Мне это совсем не понравилось.
– Я не беру денег за позирование.
– Неужели? – Он погрозил мне пальцем. – Значит, это благотворительность? Мне не нужна ваша благотворительность, юная Маклиод. Вы что думаете, у меня нет гордости, что вы можете изображать щедрую леди со мной? Еще не хватало вашей благотворительности, тоже нашли бедного морячка! Клянусь небом, вы самая жестокая и бессердечная женщина, но на сей раз вам не удастся меня обидеть. Немедленно поднимайтесь, идите к себе и надевайте пальто, будьте хорошей девочкой.
Ах, какой это был вечер. Нет, ничего особенного тогда не случилось, но мне было приятно в обществе Тоби, и я знала, что воспоминания об этом вечере будут согревать меня еще много недель. Наверно, мне было особенно хорошо, потому что я знала, что Тоби должен на следующий день уехать надолго и мне не с кем будет поговорить, разве что во время работы в «Раковине». Меня не особенно мучило отсутствие друзей, потому что в каком-то смысле я всегда была одинока и привыкла к этому. В самом деле, я редко вспоминала о Тоби, когда его не было рядом, потому что мы были всего лишь добрыми соседями, но я также понимала, что когда он приезжал, жить мне становилось намного веселее.

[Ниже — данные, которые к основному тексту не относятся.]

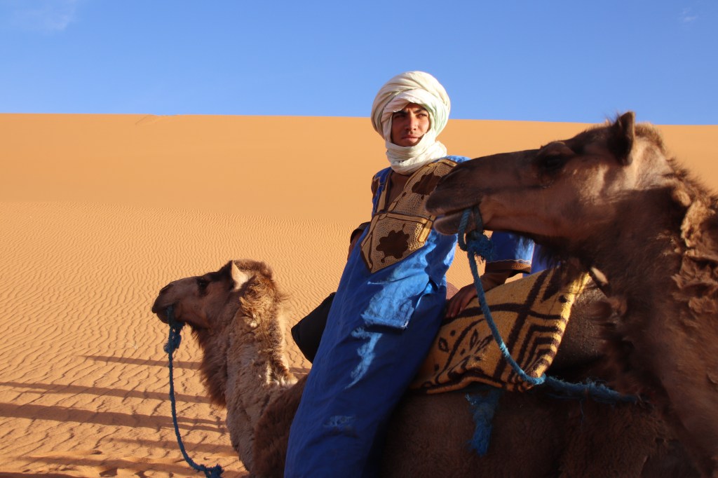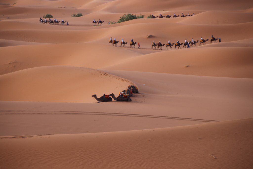 Il paesaggio si fa sempre più spoglio e roccioso, dai colori infuocati al tramonto. Ricorda i panorami dell’Arizona da tutt’altra parte del mondo. In tarda serata arriviamo al riad nelle Gole dello Ziz, location nel nulla di un paesaggio arido. Wi-Fi assente; ogni tanto non dispiace sentirsi disconnessi. L’indomani procediamo in direzione Sahara, sulla via delle kasbah. Sostiamo a Meski, antica oasi ormai prosciugata, ma dai palmeti giganti. Proseguiamo verso Merzouga, un tempo punto di sosta di carovane, ora è il luogo di arrivo dei turisti che visitano il deserto sabbioso, nelle immediate vicinanze delle dune dell’Erg Chebbi, uno dei due gruppi di dune di sabbia formati dal vento nel Sahara marocchino. Le dune raggiungono un’altezza di 150 metri e sono disseminate in un’area di 22 Km da Nord a sud e di 5–10 km da Est a Ovest. Il centro abitato più vicino è Erfoud, dove compriamo dell’acqua ghiacciata prima di addentrarci nel deserto. Ancora troppo caldo, quindi abbiamo il tempo per ballare al ritmo di percussioni dei berberi neri, emozionandoci sulle note dei tamburi dal Marocco, dal Senegal e dall’Etiopia. Diamo 100 dirham di mancia alla comunità ospitante su consiglio della nostra guida. Ogni spettacolo presuppone una mancia. Ma le emozioni hanno un valore molto più prezioso. Due jeep ci portano davanti al mare di sabbia dove i beduini stanno radunando cammelli e dromedari in attesa della classica escursione turistica nel deserto.
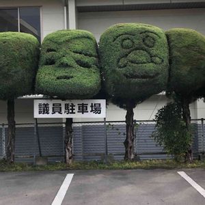 3日に一度通る市役所庁舎前にある議員さんの🅿️。 今朝初めて気づいたので、多分この数日で刈り込まれたものだと思うのですが、、、。 いかがです?ユニークな刈り込み。 こんな街に住んでおりまーす。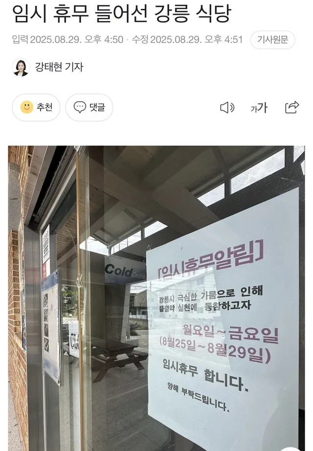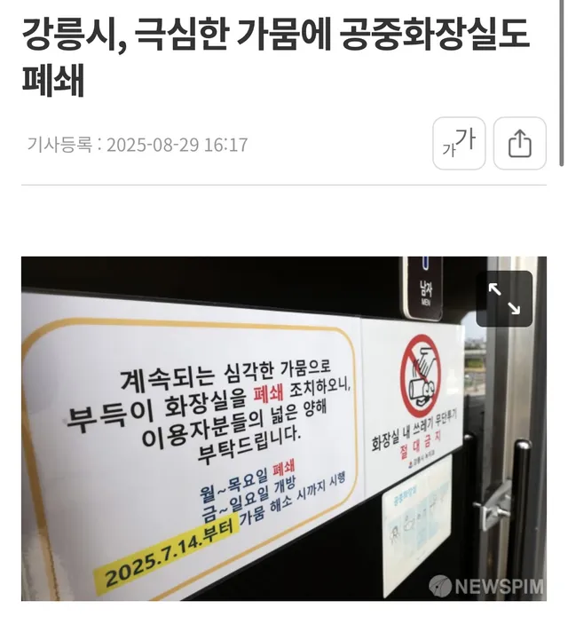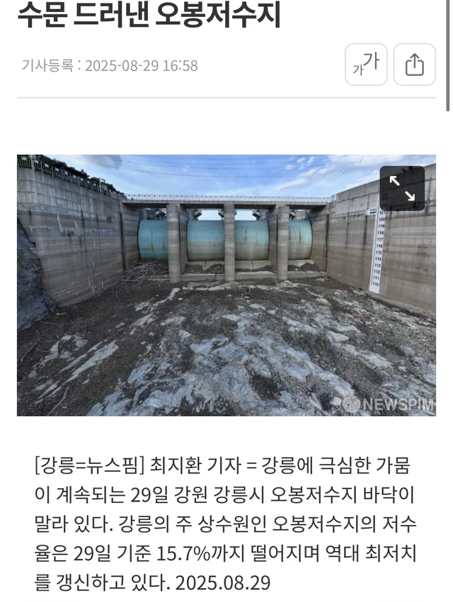 한편 강릉시는 오는 9월 1일 가뭄 대응 비상대책 2차 기자회견을 열고 재난안전

Мы возвратились в десять часов, и, зная, что мадам Бриан всегда подсматривает из-за двери, когда мы проходим мимо, я взяла Тоби под руку, чтобы еще раз убедить ее в том, что я его женщина. Чем больше людей будет знать о моем защитнике, огромном сумасшедшем англичанине, тем спокойнее для меня. Когда мы добрались до нашего этажа, я поблагодарила Тоби за замечательный вечер и отправилась спать.
Утром, в самом начале восьмого, пришел старый Дюпюи измерить картину Тоби для черной с золотом рамы.
Незадолго до полдня я попрощалась с Тоби и пожелала ему всего доброго, потому что он вечером уезжал в Гавр. В «Раковине» поначалу было тихо, как всегда во время ленча, а к девяти часам все столики были заняты и четыре из них англичанами, которые пришли пообедать прежде, чем отправиться в Мулен Руж или какое-нибудь другое кабаре.
В десять часов я была в кухне и уставляла поднос всевозможной едой, когда туда чуть ли не ворвался папаша Шабрье, красный от злости.
– Два господина за угловым столиком. Один англичанин и второй – француз, – пролаял он. – Вы с ними говорили?
– Нет еще, – ответила я, не прекращая работы, потому что в это время мы с Арманом были обыкновенно очень заняты. – Я приму у них заказ, как только обслужу столик у окна.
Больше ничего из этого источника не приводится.